Medical image report generation faces two key challenges: insufficient capture of fine-grained pathological details and degraded zero-shot (image-only) inference performance. To address these, we propose DTrace, a dynamic trace learning framework introducing—novelty—the semantic validity tracing supervision mechanism and a modality-adaptive dynamic learning strategy, enabling robust generation under weak textual supervision. Our method integrates cross-modal masked semantic reconstruction, vision-language joint representation learning, dynamic weight adjustment, and trace consistency constraints. Evaluated on IU-Xray and MIMIC-CXR, DTrace substantially outperforms state-of-the-art methods, particularly in zero-shot settings: it achieves significant improvements in clinical relevance and descriptive accuracy of generated reports. These results validate DTrace’s enhanced capability to model critical pathological features and generalize effectively across unseen reporting scenarios.

Automated medical report generation has the potential to significantly reduce the workload associated with the time-consuming process of medical reporting. Recent generative representation learning methods have shown promise in integrating vision and language modalities for medical report generation. However, when trained end-to-end and applied directly to medical image-to-text generation, they face two significant challenges: i) difficulty in accurately capturing subtle yet crucial pathological details, and ii) reliance on both visual and textual inputs during inference, leading to performance degradation in zero-shot inference when only images are available.

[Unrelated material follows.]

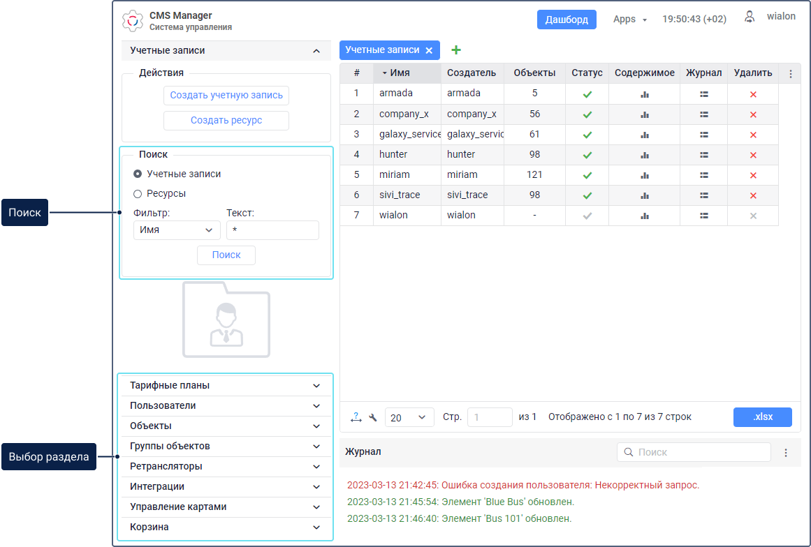Действия | В этой секции находится кнопка(и) для создания элементов системы (учетных записей, пользователей, объектов и т. д.). Для раздела Пользователи здесь также доступна кнопка Менеджер оповещений. |

To address these challenges, this study proposes a novel multi-modal dynamic traceback learning framework (DTrace). Specifically, we introduce a traceback mechanism to supervise the semantic validity of generated content and a dynamic learning strategy to adapt to various proportions of image and text input, enabling text generation without strong reliance on the input from both modalities during inference. The learning of cross-modal knowledge is enhanced by supervising the model to recover masked semantic information from a complementary counterpart. Extensive experiments conducted on two benchmark datasets, IU-Xray and MIMIC-CXR, demonstrate that the proposed DTrace framework outperforms state-of-the-art methods for medical report generation.